Very nice find groinksan! And welcome.
It would be nice if you could dump the ROM - that will spill all the secrets of what this trainer is capable of.
It's just possible you can get something from the manufacturer, who seems to be Festo or Festo Didactic, who have a North American presence but might actually be from Germany. See
http://www.festo-didactic.com/ov3/media ... tems_1.pdf and also
http://www.festo-didactic.com/de-de but I think you'd need to find a nice helpful person with access to materials from obsolete product lines.

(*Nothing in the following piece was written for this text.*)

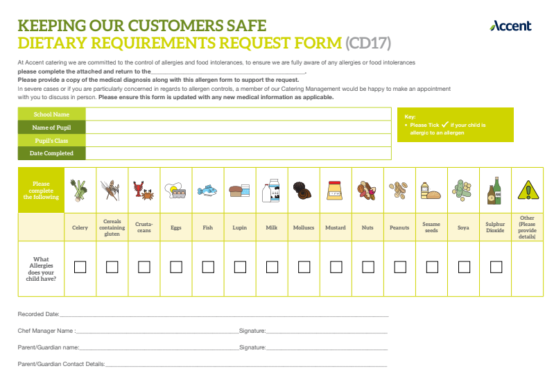 For children with special dietary requirements, you will need to complete a 'Dietary Requirement Request Form'. Medical documentation will need to be attached to the referral form and sent to Accent.

It seems that the board was used educationally in Turkey... and in fact as you may know it seems to be allied to the
Visual 6502 project of Nurettin Topaloğlu whose site features a photo of this board:
http://w3.gazi.edu.tr/~nurettin/visual_en.htmlbut, alas, with no further detail. (His Visual 6502 is a GUI simulator for Windows, not to be confused with the in-browser transistor-level simulator at visual6502.org)
Elsewhere, someone notes
Quote:
The native language of the software appears to be Turkish, but I found a language setting in an ini file (reversed the order of Turkish/English) and that switched it to English mode. I haven't messed with it too much but it does look pretty cool, and the reason I wanted it was because it has some "virtual" switches and LEDs to play with and supposedly interfaces with my trainer somehow
There's a book "Microprocessor Troubleshooting: Concepts and Applications" published by Buck Engineering Company which might cover this Lab Volt board. Or even better, one called "MICROPROCESSOR - CONCEPTS AND APPLICATIONS" by Buck Engineering
which features this board on the cover.